Should I use Puppeteer, Playwright, Selenium, or something else?
>>103243798Playwright is the best
>>103237164Im trying to scrape kemono.party, however some artists put their stuff into encrypted archives. Kemono.party usually has the password included when you click on the archive, but jdownloader doesn’t seem to download it. What other tool could I use?
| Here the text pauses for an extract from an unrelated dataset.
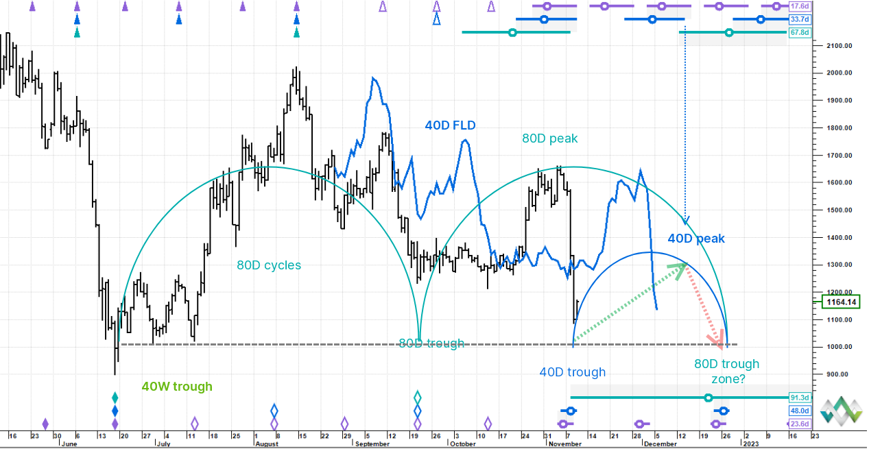 Key levels to watch: (1) 10 day FLD circa 1,220 projects to 1,320. Short FLDs can be traps, so some caution needed, but its a reasonable first aiming point for a potential upside cascade; (2) price could push down to 1,005 / 1,010 and still allow 40 day cycle trough to be called.

Oh shit, neat that this is a thread here, was coming to /g/ to ask for help with some stuffI'm trying to scrape a bunch of stuff from Twitter: I do follow some niche history and archeology topics and there's a bunch of researchers as well as people who artistic reconstructions on the platform I want to back stuff up from.I've tried to look into tips and info about using Gallery-dl and WFdownloader for this, and while I have a lot of good leads on what to do or avoid, it's still a bit much for me, there's still unanswered questions I have I can't get solid info on, and I've run into some issues trying to just starting to scrape stuff even if imperfectly, mot notably that I'm getting warnings from Twitter that it sees "suspicious activity" on my account and I'm worried I'll get suspended for scraping moreI'll try to dump the actual questions I have tomorrow in the thread, but I'm also busy with a lot of other shit, so:If anybody is willing to work with me on it one-on one, and will run the crawling on their end and can o just send me the scraped, I'd be open to paying $150 to $300 USD, depending on how much they can get, and i'm open to paying potentially even more. My email is in the email field>>103241796See my offer to pay you to help me above>>103239300>>103239312>>103239607>>103239878>>103240240>>103241317>>103241796>>103241806>>103242825Here's some stuff I've been looking at in case it's useful to any of you: https://pastebin.com/ij0y04GdNot sure if twint or stweet still work, seen mixed things
>>103244987I guess the email field doesn't work anymore, so: saintseiyasource@gmail.com
>>103237164do you actually get banned now on twitter for using gallery-dl?i have a simple script for random intervals between each request
>>103237164how do i load proxies to my .zshrc env PATH correctly. Anybody got good documentation i could read up on ? please help
bump
>>103245255i scraped 16k tweets last night and wasn't banned. took a while though because i got ratelimited over and over
>>103237164Hello scrapefrens,What SMS receiving services do you use to set up accounts?I've tried a couple but had bad experiences with numbers being extremely unreliable. Preferably looking for something that is reasonably priced and accepts crypto but I'll settle for anything that works.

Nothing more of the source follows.